Many Cantonese words also have no established orthography. Without support for phonetics, the voice is pretty useless even if sticking to pure Cantonese were feasible.


Then there is the name: What kind of name is “Sin-Ji”?

It doesn’t look Cantonese.

It doesn’t sound Cantonese if you played the sample sentence.

In Hong Kong the embodiment of the Cantonese-speaking place Ji isn’t even likely in a name, unless we’re talking about a Mandarin name.

The name “Sin-Ji” has always struck me as out of place: Every voice Apple provides has a name typical of or at least plausible in‍[Note 2] the language the voice speaks, except their Cantonese voice which has a typical Hong Kong accent but is given a mysterious, undecipherable name that’s neither Cantonese nor typical of Hong Kong.


Today it dawned on me: “Sin-Ji” is the Japanese pronunciation of Cindy.‍[Note 3]

Cindy, of course, is a pretty common name in Hong Kong. Had Apple named the voice “Cindy” instead (especially if they had made it capable of speaking English I don’t care if it’s good UK English or English with a heavy accent), that name would have come off as perfectly appropriate.

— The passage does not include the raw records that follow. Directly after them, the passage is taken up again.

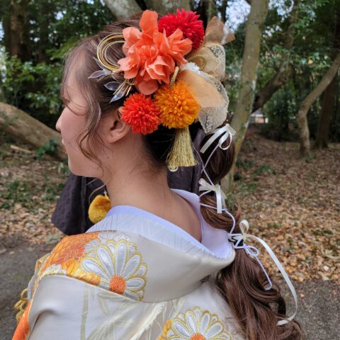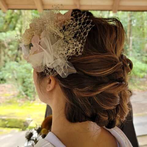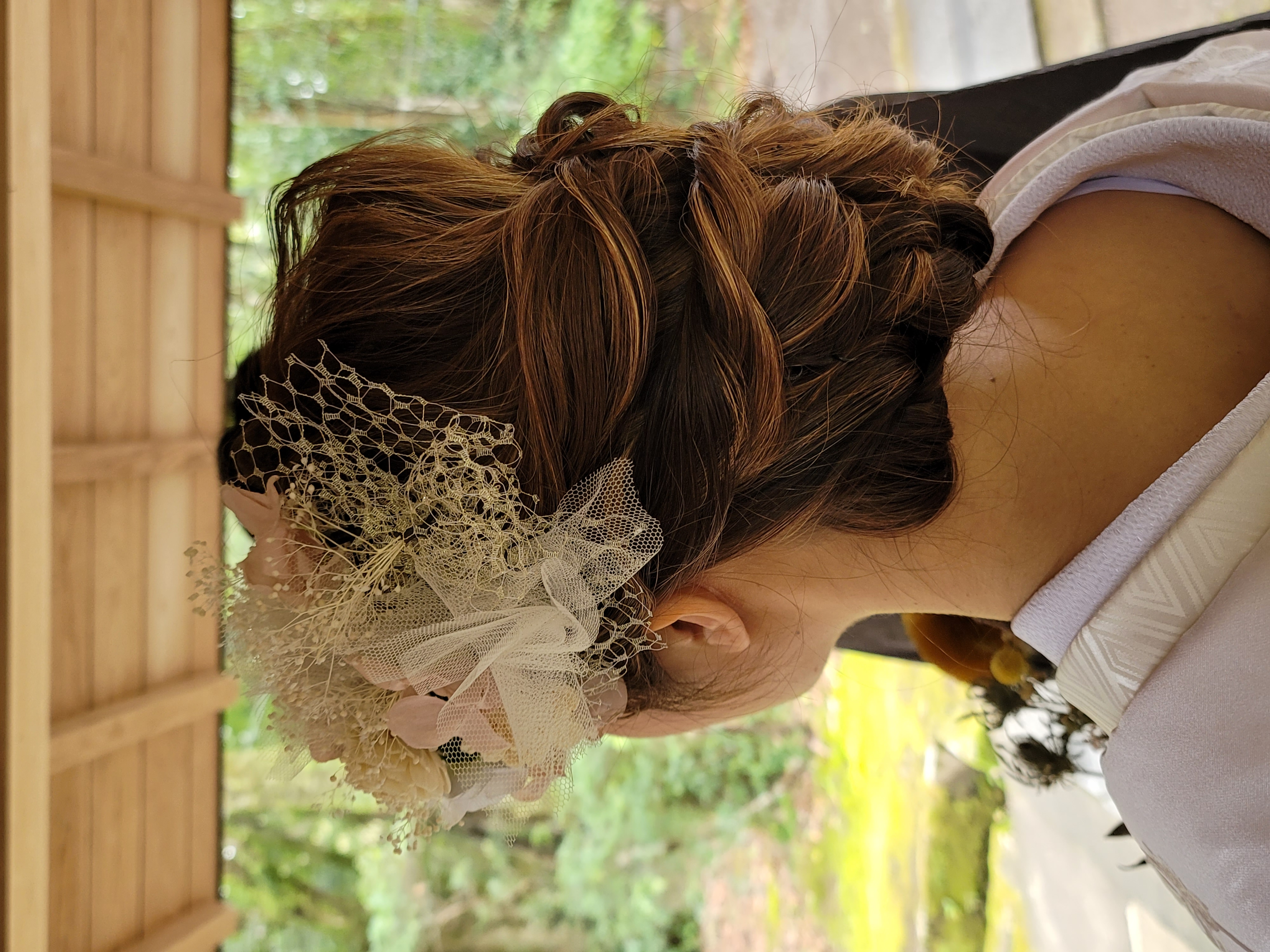 お天気恵まれて・・ご自分で用意されたヘアー飾りです
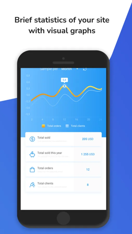 - Quick overviews of sales by period and visual graphs of statistics,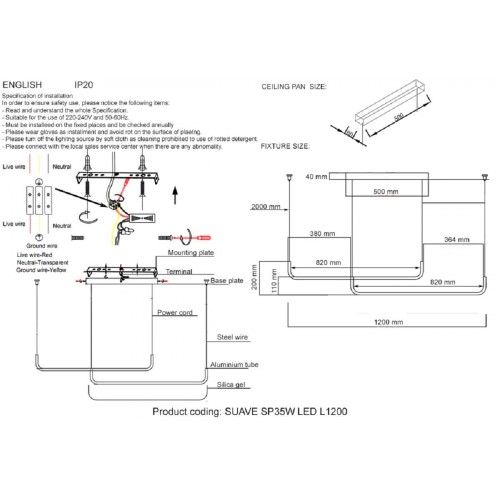 Подвесной светильник Crystal Lux SUAVE SP35W LED L1200 BLACK

I cannot understand why Apple failed to see why “Sin-Ji” is wrong; it’s wrong on so many levels:

  1. “Cindy” doesn’t look Asian, therefore it must be spelt “Sin-Ji” even though you’d not find a “Sin-Ji” in Hong Kong.
  2. All Asians are the same, therefore an English name used in a bilingual Cantonese/English-speaking place should be romanized as Japanese.
  3. All Japanese romanization systems are the same, therefore “Sin-Ji” is fine even though as Japanese it should be spelt either Sin-Di (Kunrei) or Shin-Ji (Hepburn).
  4. The voice is “Cantonese”, therefore its inability to speak English must be fine even though any realistic use case will require synthesizing a mix of Cantonese and English.
  5. If a word can’t be written in Chinese characters, not being able to synthesize it must be fine even though tons of Cantonese words have no established orthography.‍[Note 4]

If this is not cultural insensitivity I don’t know what it is.

Okay, maybe it’s bad requirements analysis.

Notes

  1. Not in any standard transcription but in Apple’s own idiosyncratic system. See Apple Computer, Inc., “Techniques for Customizing Synthesized Speech,” last modified September 5, 2006, https://​developer​.apple​.com/​library/​archive/​documentation/​User​Experience/​Conceptual/​Speech​Synthesis​Programming​Guide/​Fine​Tuning/​Fine​Tuning​.html#//​apple​_​ref/​doc/​uid/​TP40004365​-CH5​-SW6, Table 3-1.
  2. There’s no such thing as a typical name in Chinese or Korean (they’re constructed like Indigenous or Anglo-Saxon names), but the names Apple gave to the two Mandarin voices, Ya-Ling and Ting-Ting, are both plausible (e.g., 雅玲 (*Yălíng) ‘Elegant-Bright’, 婷婷 (Tíngting) ‘Graceful’).
  3. Sin (シン, usually romanized as shin) is the Cin- in Cindy. Ji (ジ) would be the -dy in Cindy. The di sound does not actually exist in Japanese, but on the d row the letter at the i position (ヂ, in theory di and romanized as di in Kunrei) is pronounced ji.
  4. Apple’s synthesizer also mispronounces words that have multiple pronunciations. Even if a word can be written there’s no guarantee you’ll get correct synthesized speech.